Every line of the material is to be returned verbatim. Pictures stay out.

==*==

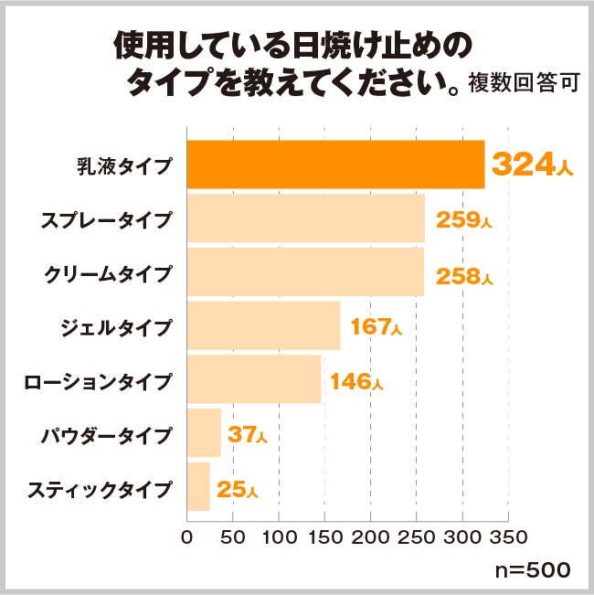 アンケートの結果、人気があるのは乳液タイプでしたが、スプレータイプやクリームタイプを使っている方も多くみられました。
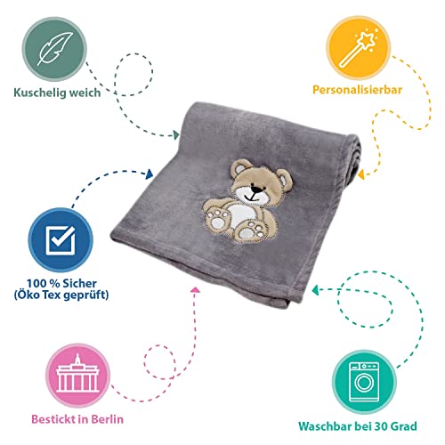PERSÖNLICHES GESCHENK – Die Babydecke in unmodern ist das perfekte Geschenk zur Babyparty, Ursprung oder Taufe. Das tolle Bärenmotiv bringt Kinderaugen zum Strahlen und ist zugleich ein schönes Dekoelement in jedem Kinderzimmer.
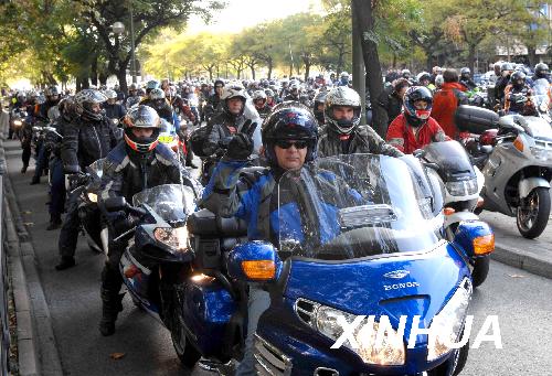 11月8日,眾多摩托車手在西班牙首都馬德里市中心街道參加大游行。當日,來自西班牙各地的上萬名摩托車手在首都馬德里參加大游行,呼吁政府部門改善道路交通條件,保障摩托車出行安全。據統計,西班牙2007年共有500余名摩托車手在交通事故中喪生。新華社記者陳海通攝
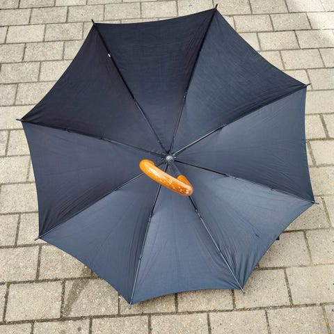 paraply i multifarvet sort hvid . Paraplyen har et mønstret design og er sammenklappelig med metalstel. Velegnet til brug som beskyttelse mod regn.
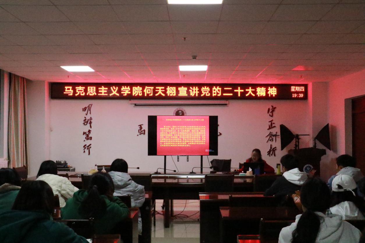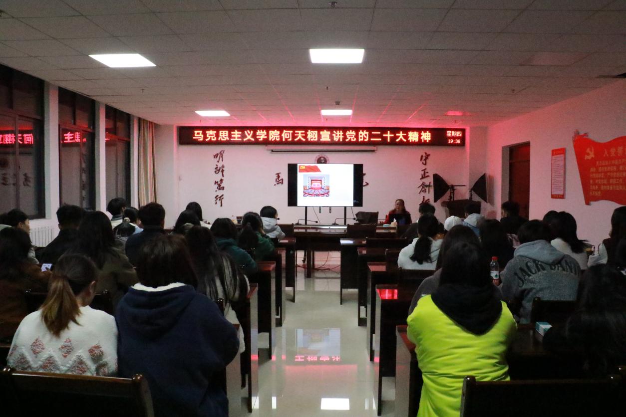 11月24日晚,马克思主义学院党委书记何天栩在奥学楼1008会议室向学生宣讲党的二十大精神。马克思主义学院全体入党积极分子、思想政治教育专业2020级全体学生到场聆听。何天栩还结合学生的实际,要求同学们在大学期间做好人生规划,练就过硬本领,切实担负起时代责任,为全面建设社会主义现代化国家的伟大事业贡献青春力量。
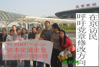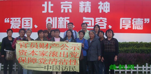 请求中国政府依照访民的心愿修改党章——党内官员财产公示,从源头上遏制腐败,真正做到“为人民服务”。
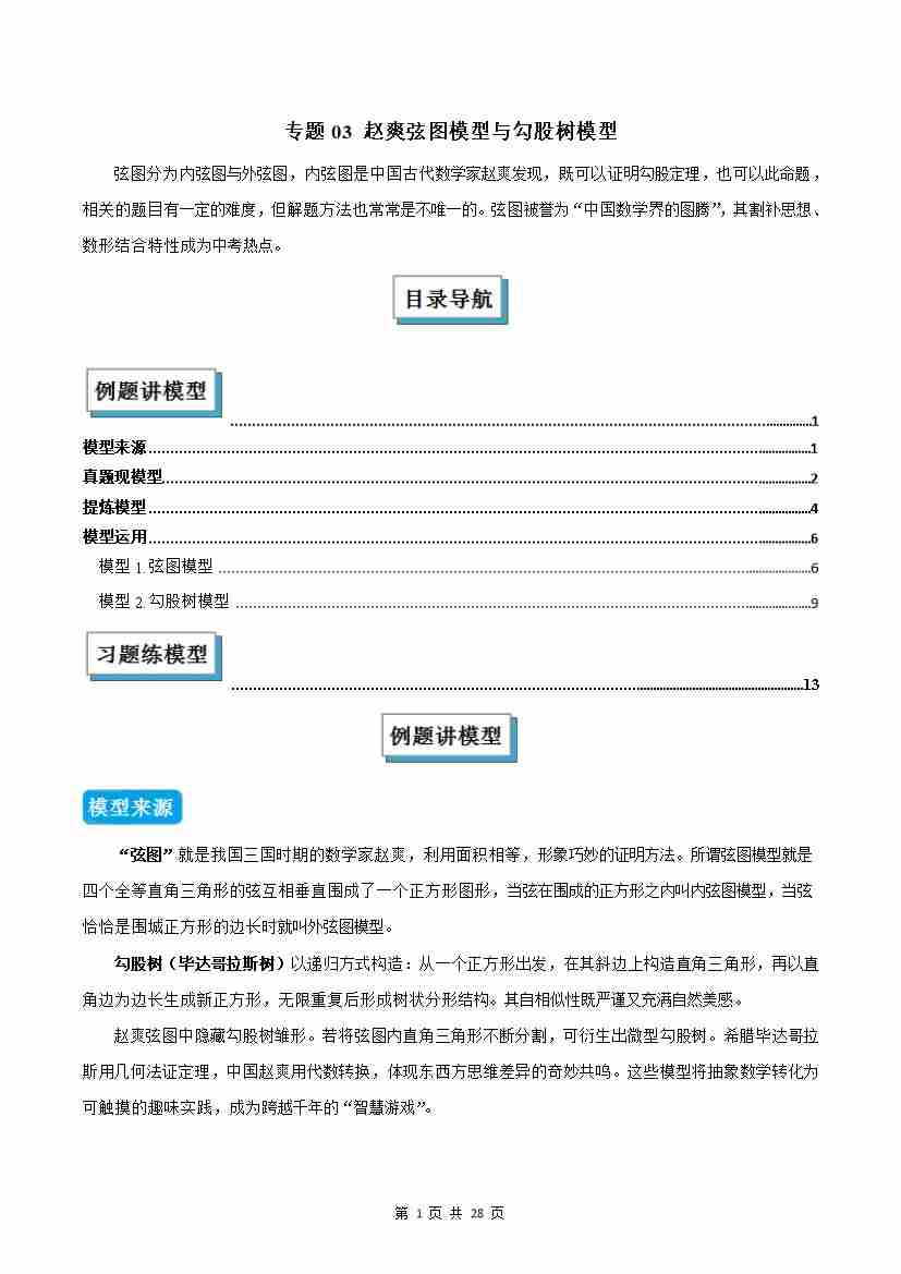 专题03 赵爽弦图模型与勾股树模型(几何模型讲义)北师版2024(解析版)
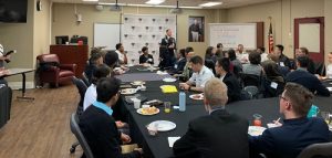 We conducted our first panel discussion about Making Decisions in a Technology-Driven World. The panelists were Dr. Leslie Fenwick, Rob Lively, and Denis McDonough. Dr. James Cornwell of the Department of Behavioral Sciences & Leadership moderated. A few insights included:

==*==

## EXPECTED ANSWER
 アンケートの結果、人気があるのは乳液タイプでしたが、スプレータイプやクリームタイプを使っている方も多くみられました。
PERSÖNLICHES GESCHENK – Die Babydecke in unmodern ist das perfekte Geschenk zur Babyparty, Ursprung oder Taufe. Das tolle Bärenmotiv bringt Kinderaugen zum Strahlen und ist zugleich ein schönes Dekoelement in jedem Kinderzimmer.
 11月8日,眾多摩托車手在西班牙首都馬德里市中心街道參加大游行。當日,來自西班牙各地的上萬名摩托車手在首都馬德里參加大游行,呼吁政府部門改善道路交通條件,保障摩托車出行安全。據統計,西班牙2007年共有500余名摩托車手在交通事故中喪生。新華社記者陳海通攝
 paraply i multifarvet sort hvid . Paraplyen har et mønstret design og er sammenklappelig med metalstel. Velegnet til brug som beskyttelse mod regn.
 11月24日晚,马克思主义学院党委书记何天栩在奥学楼1008会议室向学生宣讲党的二十大精神。马克思主义学院全体入党积极分子、思想政治教育专业2020级全体学生到场聆听。何天栩还结合学生的实际,要求同学们在大学期间做好人生规划,练就过硬本领,切实担负起时代责任,为全面建设社会主义现代化国家的伟大事业贡献青春力量。
 请求中国政府依照访民的心愿修改党章——党内官员财产公示,从源头上遏制腐败,真正做到“为人民服务”。
 专题03 赵爽弦图模型与勾股树模型(几何模型讲义)北师版2024(解析版)
 We conducted our first panel discussion about Making Decisions in a Technology-Driven World. The panelists were Dr. Leslie Fenwick, Rob Lively, and Denis McDonough. Dr. James Cornwell of the Department of Behavioral Sciences & Leadership moderated. A few insights included:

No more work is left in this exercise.